→ **Exercise**
Restate the listing below word for word, omitting any images.

→ **Supplied information**

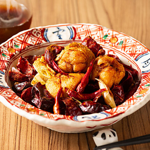 中国四川省発祥の料理で揚げた鶏肉と大量の唐辛子とスパイスで 炒めたお酒に合う一品です。
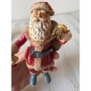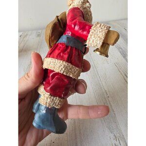 Vintage Santa paper mache bag Bell figurine Xmas decor
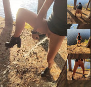 Elegant teen girl at the pond who is ready to show a super mega #squirt fountain. Touching the warm water of the pond, she rises up, exposing her hot excited #pussy. Hugging a pine tree and raising a leg, applying a vibrator to a hot excited oozing pussy, immersing this humming masturbator in measured and quick movements, which quickly brings me to the erupting power, which flows from me, pouring a #fountain six pounds ahead. Again and again, with sudden movements, I immerse deeply this powerful vibrator, which is pushed out by a stream of powerful water from the hot pussy. I am burning with this exciting stream of passion. She again and again, many times shoots her hot stream from her pussy into the forest for six pounds. I’m burning all, catch my hot stream from a little writing. #public #outdoor #pussyjob
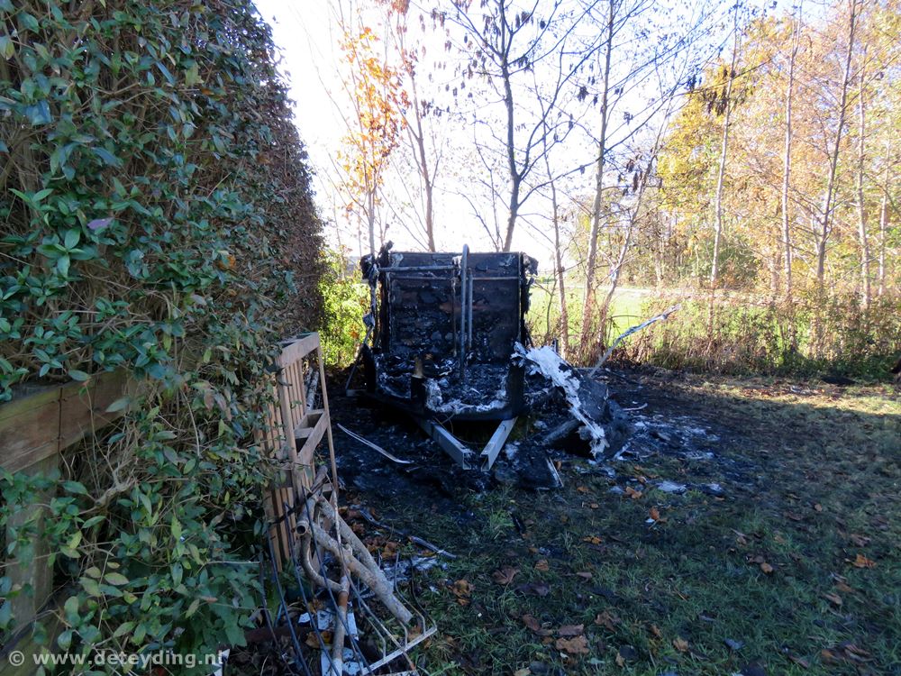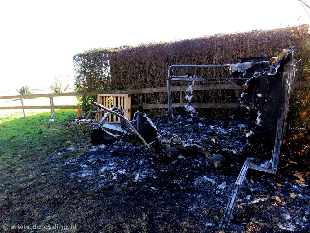 De paardentrailer die afgelopen donderdag is uitgebrand.

→ **Answer below**
 中国四川省発祥の料理で揚げた鶏肉と大量の唐辛子とスパイスで 炒めたお酒に合う一品です。
 Vintage Santa paper mache bag Bell figurine Xmas decor
 Elegant teen girl at the pond who is ready to show a super mega #squirt fountain. Touching the warm water of the pond, she rises up, exposing her hot excited #pussy. Hugging a pine tree and raising a leg, applying a vibrator to a hot excited oozing pussy, immersing this humming masturbator in measured and quick movements, which quickly brings me to the erupting power, which flows from me, pouring a #fountain six pounds ahead. Again and again, with sudden movements, I immerse deeply this powerful vibrator, which is pushed out by a stream of powerful water from the hot pussy. I am burning with this exciting stream of passion. She again and again, many times shoots her hot stream from her pussy into the forest for six pounds. I’m burning all, catch my hot stream from a little writing. #public #outdoor #pussyjob
 De paardentrailer die afgelopen donderdag is uitgebrand.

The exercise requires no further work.